Читаем Глядя вкось (ЛП) полностью

Крутые детективы, наоборот, обычно рассказываются от первого лица, сам сыщик является рассказчиком (важное исключение, которое требует пристального исследования — большинство романов Дэшиела Хэмметта). Это изменение позиции рассказчика, конечно, рождает далеко идущие последствия для диалектики истины и обмана. С самого начала решив заняться данным делом, крутой сыщик оказывается вовлечен в ход событий, управлять которыми он не может; внезапно становится ясно, что его «держат за простачка». То, что сначала казалось легкой работой, оборачивается запутанной перекрестной игрой, и все его усилия направлены на то, чтобы как-то очертить контуры ловушки, в которую он попал. «Истина», которой он пытается достичь — это не просто вызов его интеллекту: он находится в нравственном и нередко болезненном отношении к ней. Игра обмана, частью которой он стал, угрожает самой идентичности его как субъекта. Короче говоря, диалектика обмана в крутом детективе — это диалектика активного героя, вовлеченного в кошмарную игру, реальные ставки которой ему неизвестны. Его действия имеют непредвиденные последствия, он может нечаянно кому-то повредить — вина, которую он при этом приобретает, невольно заставляет его «выполнять свой долг». Значит, в этом случае сам сыщик — а не испуганные члены «группы подозреваемых» — испытывает некую «утрату реальности», оказывается в иллюзорном мире, где никогда не бывает до конца ясно, кто в какую игру играет. А человек, который воплощает этот обманный характер вселенной, ее фундаментальную коррумпированность, человек, который заманивает сыщика в ловушку и «держит его за простачка» — это, как правило, роковая женщина, и поэтому окончательная «плата по счетам» обычно заключается в конфронтации сыщика с ней. Конфронтация выражается в наборе реакций, от отчаянного неприятия или бегства у Хэмметта и кажется на первый взгляд, роковая женщина воплощает радикально этическое отношение, императив «не уступать своего желания», упорствовать в нем до самого конца, когда откроется его истинная природа — влечение к смерти. Это герой, отвергая роковую женщину, сходит со своей этической позиции.

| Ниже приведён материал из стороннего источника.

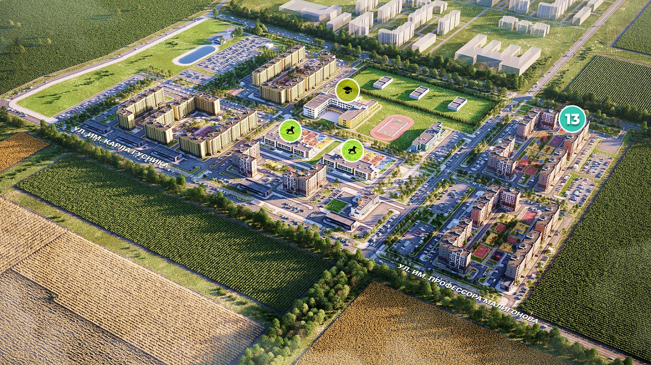 Литер 13 – это стильный фасад, удобные входные группы, комфортные планировки на любой вкус. Благоустроенные дворы с современными детскими и спортивными площадками.
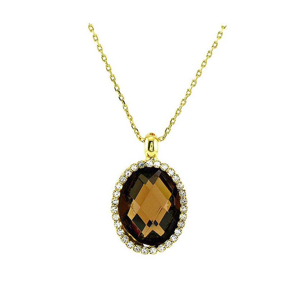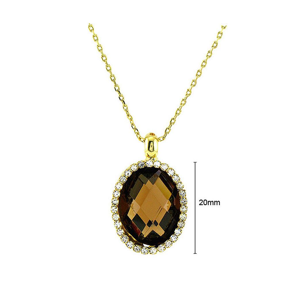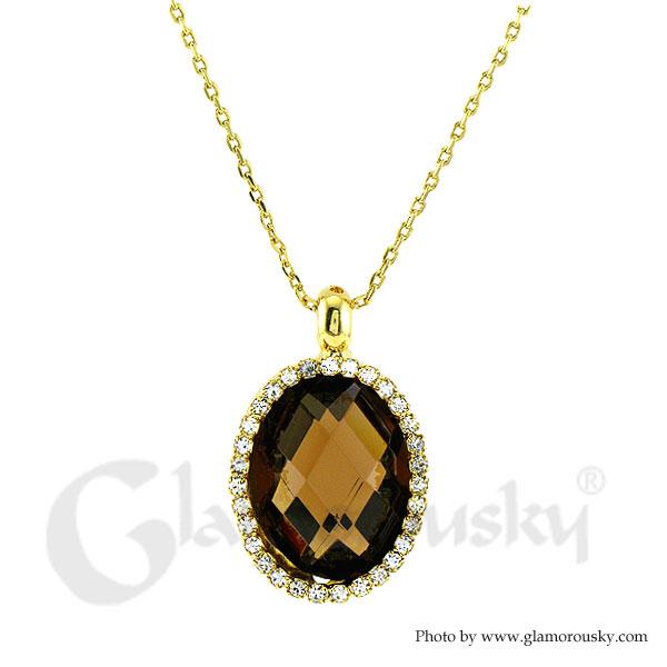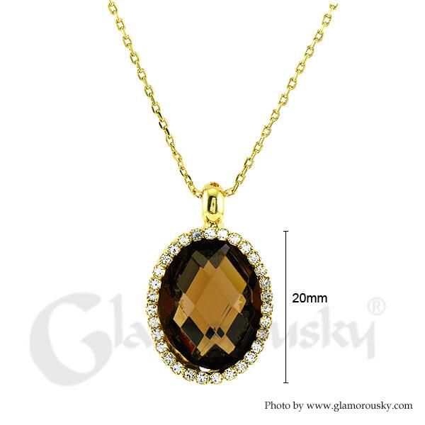 Glimmering Pendant with Silver Austrian Element Crystal Brown CZ and Necklace
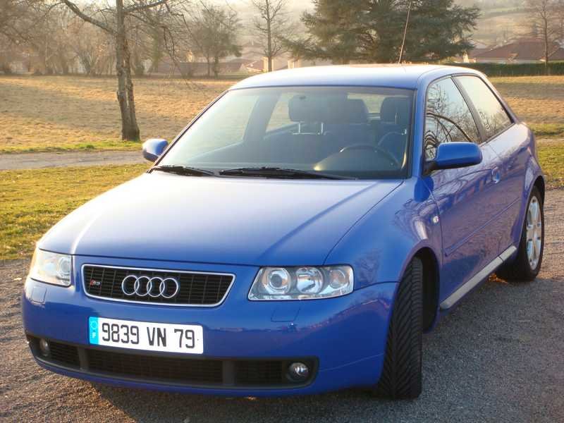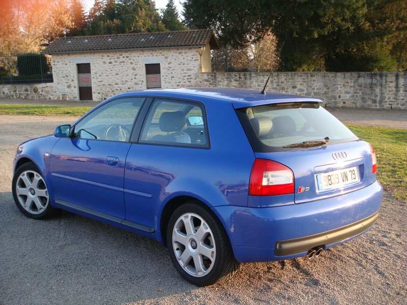 C'est une S3 de 2001 donc evo mais sans option supplémentaire (pas de Bose, toit ouvrant...). Elle est bleu nogaro avec intérieur mi-cuir, mi-alcantara bleu et totalise 88 000 Km.

Женщина, которая «не уступает своего желания»

Мы проясним то, что здесь имеется в виду под «этикой», при помощи знаменитой постановки Питера Брукса оперы Бизе «Кармен». Мы хотим сказать, что, внеся изменения в оригинальный сюжет, Брукс сделал Кармен не только трагической фигурой, но более того — этической фигурой уровня Антигоны. На первый взгляд кажется, что не может быть большего контраста, чем между благородным самопожертвованием Антигоны и тем дебоширством, что ведет Кармен к гибели. Но эти две героини связаны одним и тем же этическим отношением, которое (пользуясь лакановским прочтением «Антигоны») можно описать как безоглядное принятие влечения к смерти, как стремление к радикальному самоуничтожению, к тому, что Лакан называет «второй смертью», идущей дальше простого физического уничтожения, т. е. влекущей за собою стирание самой символической фактуры порождения и распада.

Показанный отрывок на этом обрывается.